The three individuals Thompson’s team found in Malawi were infants. Thompson excavated them from sites that more than 70 years ago yielded other ancient human skeletons. Thompson was looking for artifacts to put the lives of these people into context when his team unearthed two small skeletons from a site. Their depth below the surface suggested they were significantly older than previous finds. Both skeletons had well-preserved ear bones, which are one of the best skeletal sources for recovering ancient human DNA.
“I had never found anything like it,” Thompson said. “When we saw that these tiny bones were preserved, we just couldn’t believe it. Their age alone was important, but when we saw these bones, we knew ancient DNA could also be a real possibility.
The ear bones visited Yale where they were analyzed in a micro-CT scanner, which captured detailed data on their composition that may support further research. The bones then traveled to the lab of study co-author David Reich, a professor of genetics at Harvard University, where their DNA was extracted and analyzed. All other remains have been entrusted to the Department of Museums and Monuments of Malawi.
Finding large amounts of Central African ancestry in individuals from eastern and southern Africa was a key finding, said Mary Prendergast, associate professor of anthropology at Rice University and lead author of the study.
“Clearly a lot of people were moving from what are now the central African rainforests to places to the south and east, which surprised us,” Prendergast said. “This suggests to archaeologists that we should pay more attention to Central Africa, which has been understudied due to limited funding, geographic challenges and geopolitical instability.”

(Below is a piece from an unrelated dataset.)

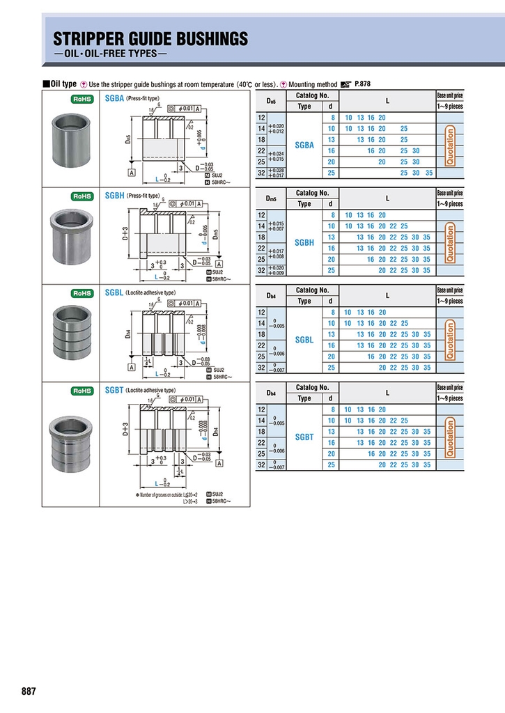 Bạc dẫn hướng khuôn dập SGBL là lựa chọn tối ưu cho các hệ khuôn yêu cầu thiết kế gọn, bề mặt phẳng và độ chính xác cao. Với chất lượng gia công tốt và khả năng chống mài mòn cao, sản phẩm giúp nâng cao hiệu suất và tuổi thọ khuôn.

Researchers estimate that the period of demographic change began 80,000 years ago and lasted until around 20,000 years ago, when the amount of movement and mixing between populations decreased and people began to live locally.
“It’s possible that by this point people have established networks and can move technology and information around without finding reproductive partners elsewhere,” said Elizabeth Sawchuk, postdoctoral fellow at the University of Alberta, Canada. , who helped lead the study. “Their social networks persisted and objects continued to move along them until about 5,000 years ago when this ancient structure was crushed by more recent demographic changes.”
The research team thanked their colleagues and curators from African museums for protecting and preserving the remains that formed the basis of the study.
“This work shows why it is so important to invest in the management of human remains and archaeological artefacts in African museums,” said Potiphar Kaliba, research director at the Department of Museums and Monuments of Malawi and co-author of the study, adding that some of the skeletons provided usable genetic information despite being excavated half a century ago.